IS IT ANY GOOD? (GRADE: A-)
As someone who spent two years of his life in Chile, I can tell you that The 33 is powerfully authentic, despite there being only one Chilean in the main cast (Cote de Pablo of NCIS fame) and the dialogue occurring in English instead of Spanish. The humor, sentence structure, cadence of speaking, clothing, food, music, and personalities are distinctly Chilean, no doubt a product of the film being made with the official blessing and participation of those who were actually involved in the events. (I’ll forgive the accents, which are more Mexican than Chilean).
The special effects during the mine collapse make for a harrowing experience, James Horner’s score (the last by the late, great composer) is stirring, and Patricia Riggen’s direction is solid without overly drawing attention to itself. The performances are genuinely moving, and if the script veers a tad too far into melodrama (with the acting occasionally following suit) it can be forgiven because the story is so powerful. Thankfully the film doesn’t allow for hokey hero-worship: human imperfections and weakness are on full display, making the real-life compassion, bravery, and tenacity all the more inspiring.
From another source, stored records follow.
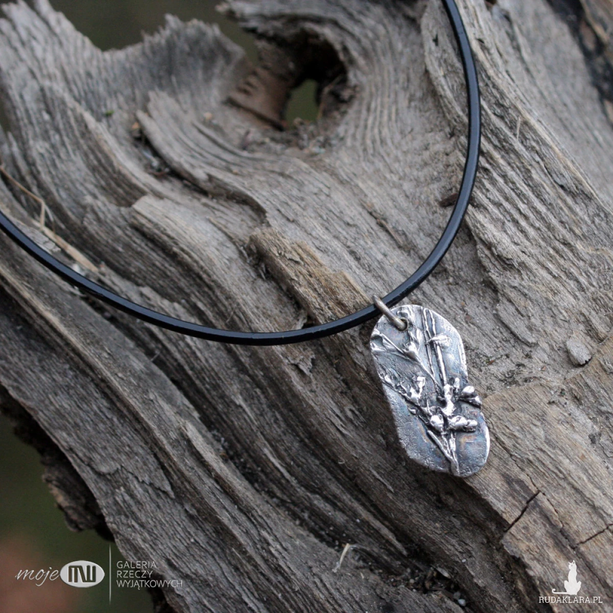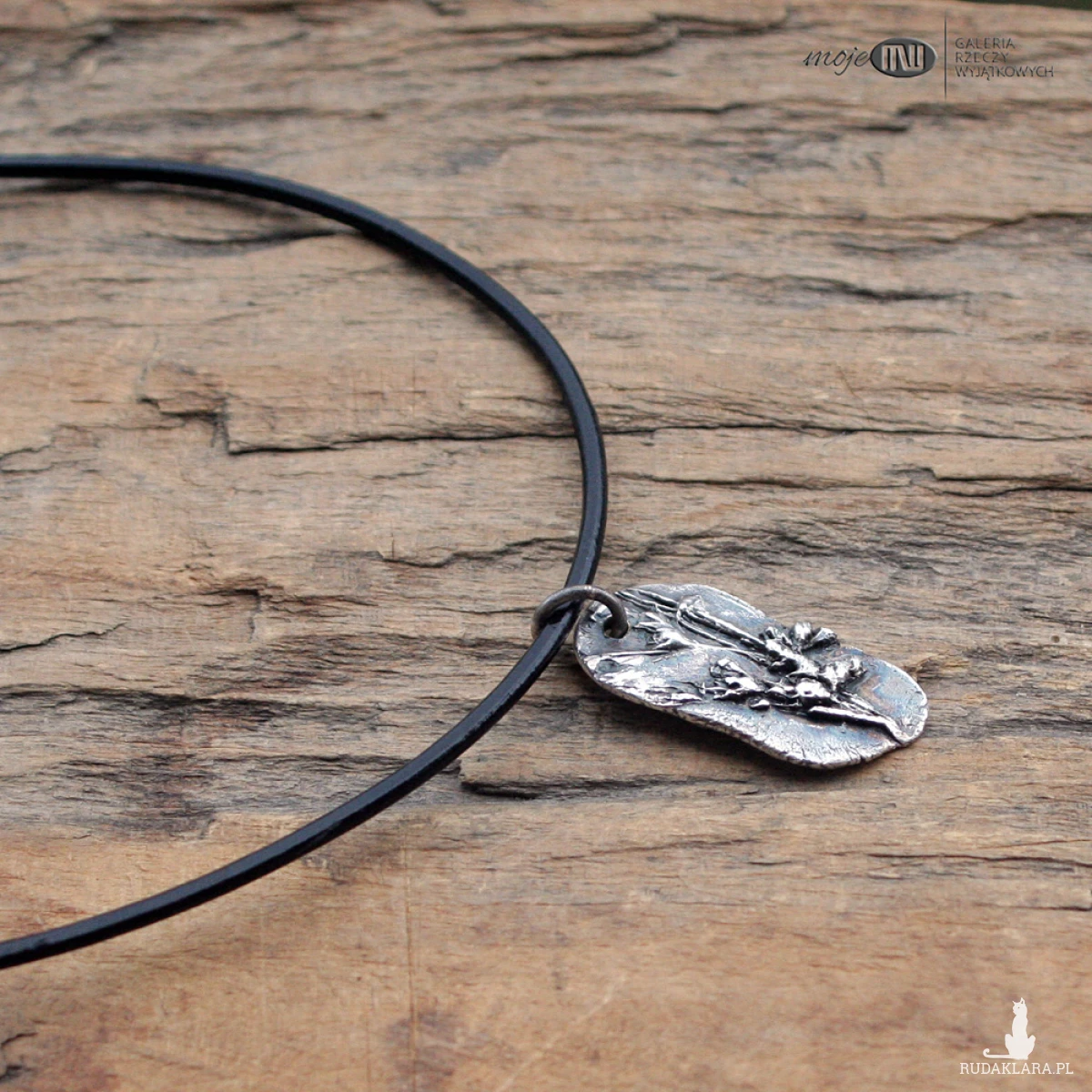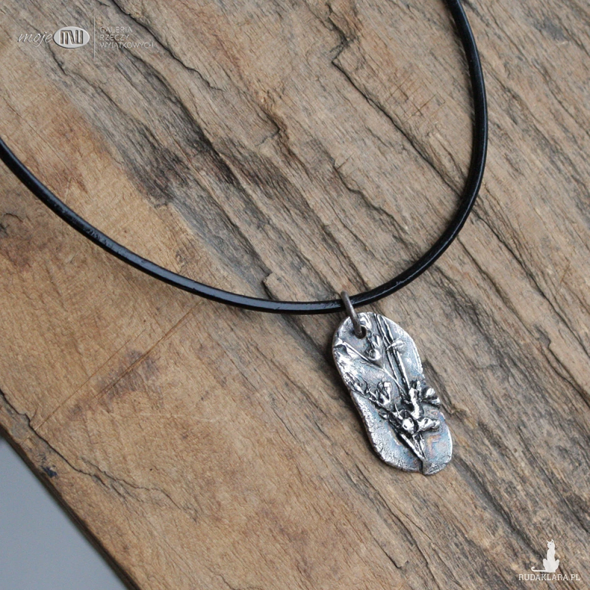 Wisiorek ze srebra wysokiej próby, z realistycznym wizerunkiem polnej roślinki, oksydowany i przecierany. Zawieszony jest na czarnym skórzanym rzemyku o gr. 2 mm. Zakończenia rzemienia i zapięcie są ze stali chirurgicznej.
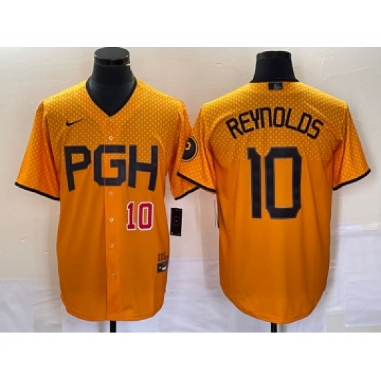 >Men's Nike Pittsburgh Pirates #10 Bryan Reynolds Number Gold 2023 City Connect Stitched Jersey
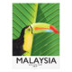 Malaisie affiche de voyage Toucan, malaisie, brunei, imprimé de vacances indonésienne.

You will be touched and uplifted by The 33, a film that comes with my high recommendation.
IS IT OKAY FOR YOUR KIDS?
The 33 is rated PG-13. There are a handful of moderate profanities, a husband tells his wife “you have the best bottom,” there is mention of “dirty magazines” (not shown), one miner was having an affair (his wife and mistress fight over him on the surface), and there are many intense moments (the mine collapse, fighting, threatening, starvation, the rescue).
ANY WORTHWHILE MESSAGES?
You can do incredible things if you have faith and refuse to give up. Survival may depend on unity, while selfishness threatens everything. Forgiveness brings healing. Belief in God can sustain you during difficulty.
For another true story of courage, compassion, and survival, I highly recommend the WWI ceasefire drama Joyeux Noel.